Now I want to replace instances of sets of words that are bigrams in top_n
with their concatenation in place. For example, say we have a new variable query
which is a list of strings:
query = ['please','let','us','know','as','soon','as','possible']
would become
['please','letus', 'usknow', 'as', 'soon', 'aspossible']
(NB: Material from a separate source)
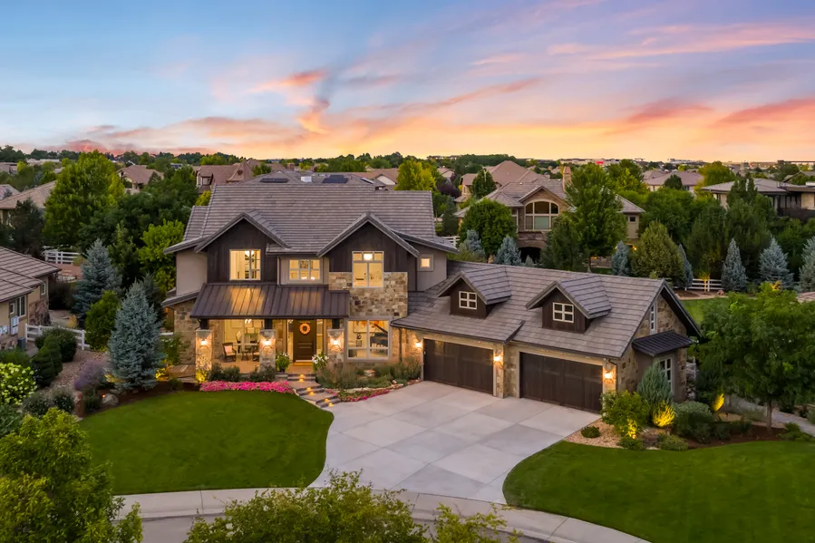 Step into this luxurious custom home with resort-style amenities and thoughtful upgrades throughout. The main floor features a living room with surround sound, custom built-ins, and fire ribbon fireplace, plus automatic shades on large sliding doors to the patio. The Chef’s kitchen offers Thermador appliances, 6-burner gas range with griddle, double ovens, microwave, dishwasher, walk-in pantry, and butler’s pantry with wine cooler, complemented by a kitchen nook and formal dining. Main level also includes a private office, mudroom with custom built-ins, laundry with utility sink, powder room, and guest suite with en-suite bath and French doors. Upstairs, the primary suite provides dual vanities, walk-in California Closets, automatic shades, and a spa-like en-suite bath. Additional bedrooms include two that share a Jack-and-Jill bath and one with its own en-suite, all featuring walk-in closets and custom drapery, plus flexible office spaces. The finished basement (Jan 2020) includes a climate-controlled and humidified wine vault, bar with ice maker and beverage refrigerators, living/game areas, exercise room or bedroom, bathroom, and Kentucky barn wood accents. Engineered hardwoods, gym flooring, and surround sound complete the space. Outdoor living impresses with professional landscaping, pergola, fire pit and fire ribbon, saline pool and spa with three waterfalls, custom pool covers (2), outdoor kitchen with Lynx grill, Big Green Egg, dual beverage refrigerators, TV, speakers, Restoration Hardware umbrella, seating for 32, and K9 turf area. Recent upgrades: new driveway (2025), upgraded carpet (2024), and custom window treatments/automated shades throughout. Additional features: fire suppression throughout home, Savant AV, outdoor Lutron lighting, upgraded Restoration Hardware lighting, smart front door, Nest thermostats, indoor/outdoor cameras with ADT, UV air purification, whole-home humidifiers, and epoxy garage flooring with cabinetry.

after the desired operation. More explicitly, I want to search every element of query
and check if the ith and (i+1)th element are in top_n
; if they are, then replace query[i]
and query[i+1]
with a single concatenated bigram i.e (query[i], query[i+1]) -> query[i] + query[i+1]
.
Is there some way to do this using NLTK, or what would be the best way to do this if looping over each word in query
is necessary?
Upvotes: 1
Views: 1691
Reputation: 7338
Alternative answer:
from gensim.models.phrases import Phraser
from gensim.models import Phrases
phrases = Phrases(text, min_count=1500, threshold=0.01)
bigram = Phraser(phrases)
bigram[query]
>>> ['please', 'let_us', 'know', 'as', 'soon', 'as', 'possible']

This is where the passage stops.